● Work instruction
Leave the pictures out and write out exactly the lines from the top of the entries through the line containing "くまさんのお顔と尻尾がかわいい!もこもこボアマフラー".
━━━━━━━━━━━━━━━━
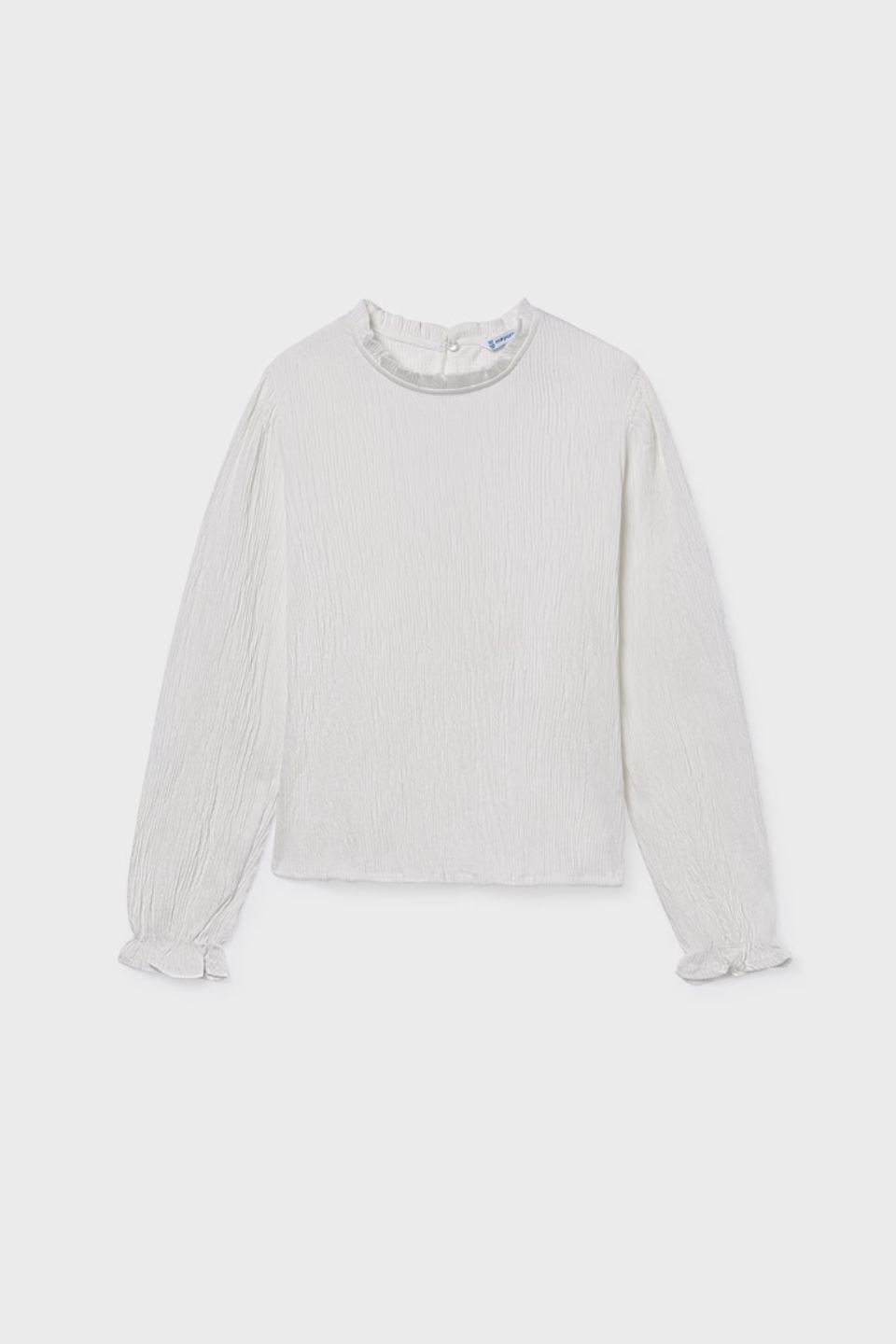 Long sleeved T-shirt for girls. Small opening on the back with a button fastening to allow the garment to be put on easily. Flowy bambula fabric.
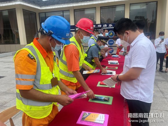 6月16日上午,南昌南管理中心车辆救援队鹰潭中队联合高速交警、路政、养护等多方单位在龙虎山服务区开展了“安全生产月”咨询活动。
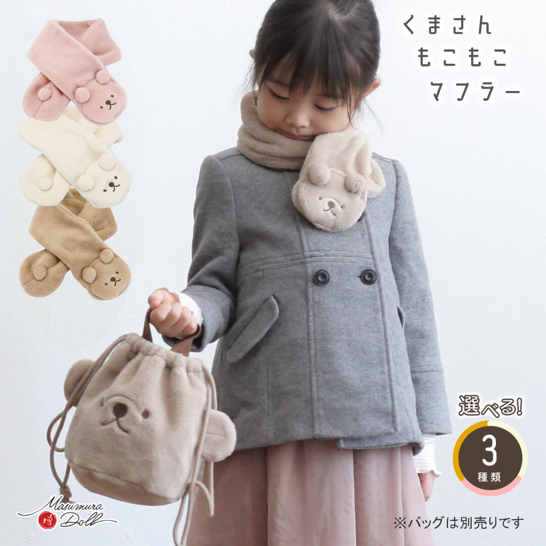 くまさんのお顔と尻尾がかわいい!もこもこボアマフラー
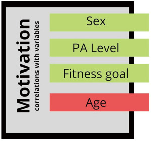 Exploratory analysis of motivation types was conducted, relative to sex, age range, self-reported level of activity, and personal training goals.
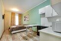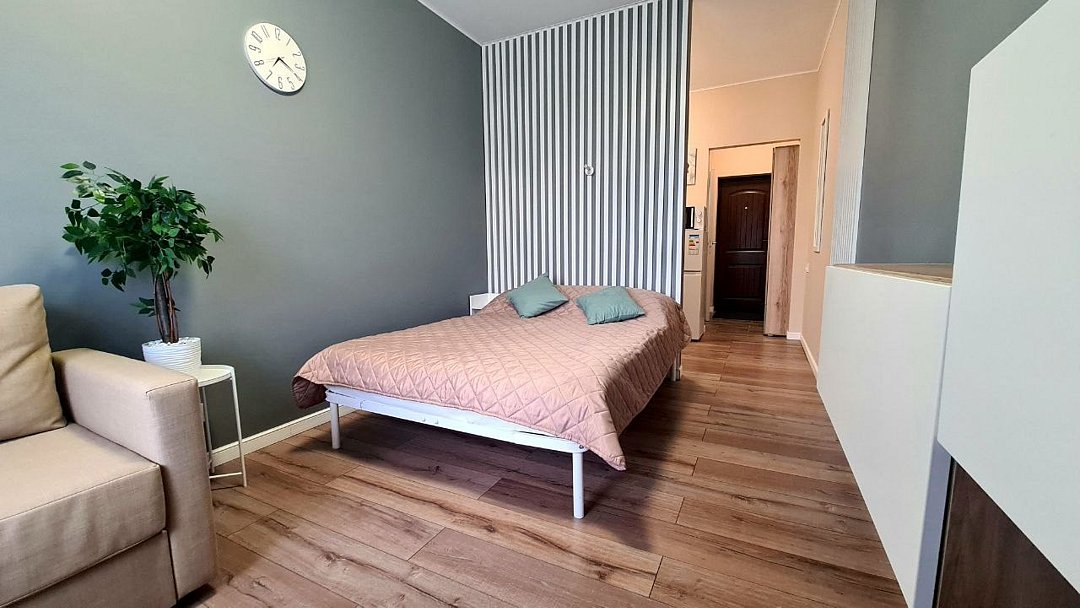 Зеленая квартира-студия с одной большой кроватью/двумя раздельными кроватями
━━━━━━━━━━━━━━━━
● Response to the task
 Long sleeved T-shirt for girls. Small opening on the back with a button fastening to allow the garment to be put on easily. Flowy bambula fabric.
 6月16日上午,南昌南管理中心车辆救援队鹰潭中队联合高速交警、路政、养护等多方单位在龙虎山服务区开展了“安全生产月”咨询活动。
 くまさんのお顔と尻尾がかわいい!もこもこボアマフラー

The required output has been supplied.